The Fraser River is an immense, roaring engine tearing its way through the heart of the province.
Even small local mountains have snow on them in late June. As far north as the Haida Gwaii it didn’t get dark until 11:00, and it was bright enough to read by 4:00 a.m.
The mouth of Naden Harbour lay just to the north of the Queen Charlotte Lodge – a run of a bit over five miles. The fishing spots were five to seven miles further along the coast. That amounted to at least twenty-five miles of ocean swells to leap over just to go fishing and get back to base afterward. No wonder a fishing trip usually took 11 hours.
As a lifelong boater I have an interest in all floating vessels. I asked our guide how long the tugboat where we had lunch was, 65 feet? “Uh, the Driftwood is 135 feet.” Ulp. Are my perceptions that far off that I underestimated the size of a large boat by half?
Then came the group of humpback whales a mile or two out to sea from our fishing position. I was delighted to see them, more than anything so that I could cross another line off my bucket list.

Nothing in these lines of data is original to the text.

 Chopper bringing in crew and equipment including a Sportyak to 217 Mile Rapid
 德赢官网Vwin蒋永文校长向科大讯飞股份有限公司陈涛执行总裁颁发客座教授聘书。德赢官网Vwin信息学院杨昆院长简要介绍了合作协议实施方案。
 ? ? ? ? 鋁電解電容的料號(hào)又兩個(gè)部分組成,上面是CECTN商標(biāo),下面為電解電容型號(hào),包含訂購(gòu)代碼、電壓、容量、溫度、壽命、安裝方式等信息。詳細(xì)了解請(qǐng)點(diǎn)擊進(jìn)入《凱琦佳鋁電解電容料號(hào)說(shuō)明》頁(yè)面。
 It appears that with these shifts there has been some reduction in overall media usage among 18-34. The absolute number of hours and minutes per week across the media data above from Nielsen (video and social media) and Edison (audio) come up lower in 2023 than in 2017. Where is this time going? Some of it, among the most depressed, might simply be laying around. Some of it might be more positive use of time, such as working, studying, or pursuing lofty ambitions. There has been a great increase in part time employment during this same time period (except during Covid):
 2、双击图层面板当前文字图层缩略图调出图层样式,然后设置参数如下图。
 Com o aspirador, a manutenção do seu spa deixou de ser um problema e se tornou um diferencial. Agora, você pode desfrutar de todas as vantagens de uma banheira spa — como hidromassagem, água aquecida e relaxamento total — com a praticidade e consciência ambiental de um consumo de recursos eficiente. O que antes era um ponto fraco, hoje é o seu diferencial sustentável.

But then I lay myself open to no end of ridicule from my boat-mates when I looked over the stern and yelped, “Hey, there’s a loon!”
Brian immediately turned to look, as loons are unheard of in the North Pacific. He let out a hoot. Apparently my “loon” was some part of a humpback whale, seen from over a mile away.

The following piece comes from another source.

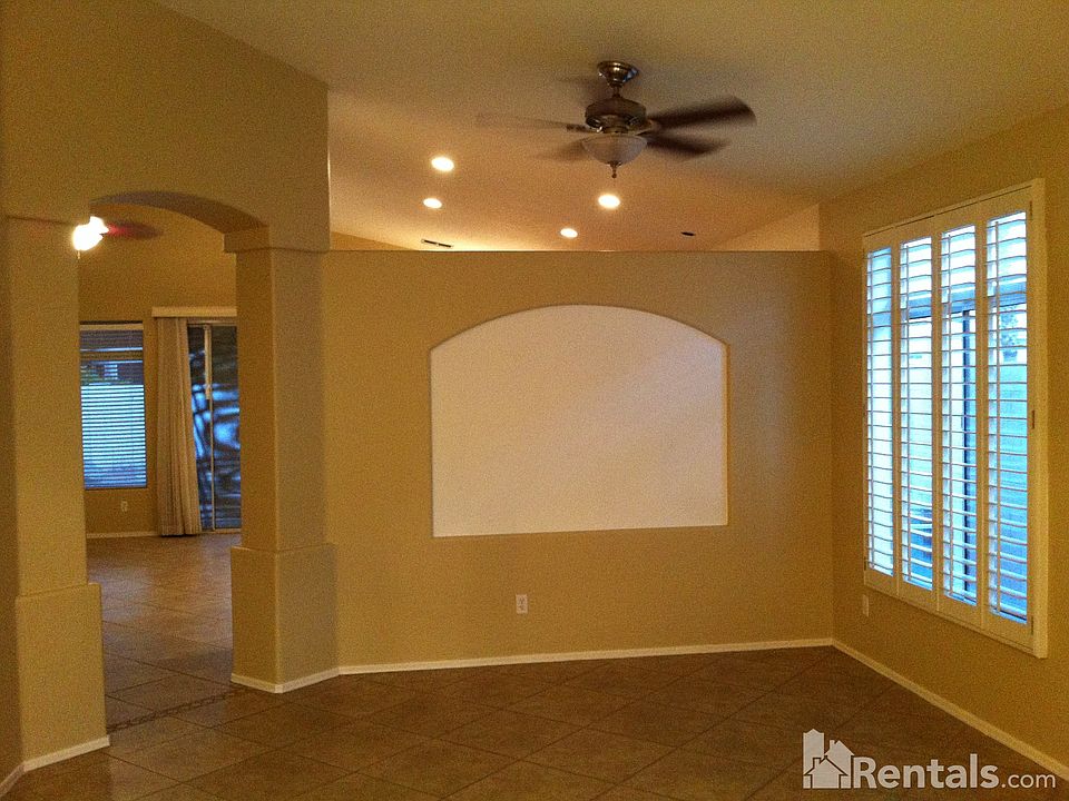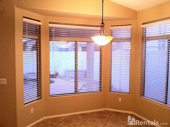 Popular community for it's location, proximity to the largest park with lake, A+ schools, shopping, highway and works. 4 bedrooms, 2 baths and 2.5 car garage with built in cabinets and working bench. Open floor plan with formal dining and living area, along with breakfast nook. Vaulted ceilings enhance an already bright open floor plan. Total 6 ceiling fans at just the right spots. Upgraded baths. Tile floors laid on the diagonal in living, dining, family and kitchen! Extended cover patio leads to Pebble Tec pool for summer party. Desert Landscape in the front and back. Upgrades on granite countertop, lighting fixtures, stainless steel appliances, almost new brand name washer and dryer, new blinds and two tone beige/white fresh paint throughout. You have to see it to appreciate it! Available for move in on the 1st of February of 2015. Viewing is available now. Credit check fee: $35 per adult; Rent: $1,580/mo (Including HOA); Security Deposit: $1,580. If applicable, there will be a pet security at $300; $300 Cleaning Fee; 12 month lease; Cat/Dog OK

Well somehow the thing configured its tail or its flukes to imitate the v-form of a loon’s wings when it raises them from the water to warn off a fisherman or another bird. It’s a familiar, characteristic loon move, and I thought I saw it in that glimpse of the water at the stern of our boat.

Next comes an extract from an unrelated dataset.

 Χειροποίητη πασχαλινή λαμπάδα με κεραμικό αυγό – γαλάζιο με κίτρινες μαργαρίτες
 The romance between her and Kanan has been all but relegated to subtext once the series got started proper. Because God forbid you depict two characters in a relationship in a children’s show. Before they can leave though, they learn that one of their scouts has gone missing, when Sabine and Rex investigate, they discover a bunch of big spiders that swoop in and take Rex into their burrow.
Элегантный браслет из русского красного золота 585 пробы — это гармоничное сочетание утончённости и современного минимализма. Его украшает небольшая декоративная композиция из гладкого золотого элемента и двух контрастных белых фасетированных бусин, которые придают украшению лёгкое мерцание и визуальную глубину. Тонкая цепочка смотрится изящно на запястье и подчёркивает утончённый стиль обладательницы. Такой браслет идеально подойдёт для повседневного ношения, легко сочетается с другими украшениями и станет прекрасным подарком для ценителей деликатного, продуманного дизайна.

Brian was a bit relentless in his teasing about my loon, and I mentioned this embarrassing incident to Roz. She thought about it for a bit and then sent me a copy of an Edgar Allan Poe story she remembered reading as a kid: “The Sphinx.” In it the narrator, a nervous, superstitious fellow, becomes convinced he is seeing a monster running up and down the mountain as he gazes through the window of the house where he is a guest. He sees it as an omen of his impending death.
Eventually his host gets wind of this apparition, asks probing questions, then locates a description of the monster in a book. He explains gently to his guest that he has been observing, not a 75-foot monster dwarfing the trees on the neighbouring mountain, but a tiny spider spinning a web on the window pane at the tip of his nose.
Perspective is everything, and mine didn’t recover from the shock of British Columbia until I had caught and released several dozen largemouth bass on Newboro Lake.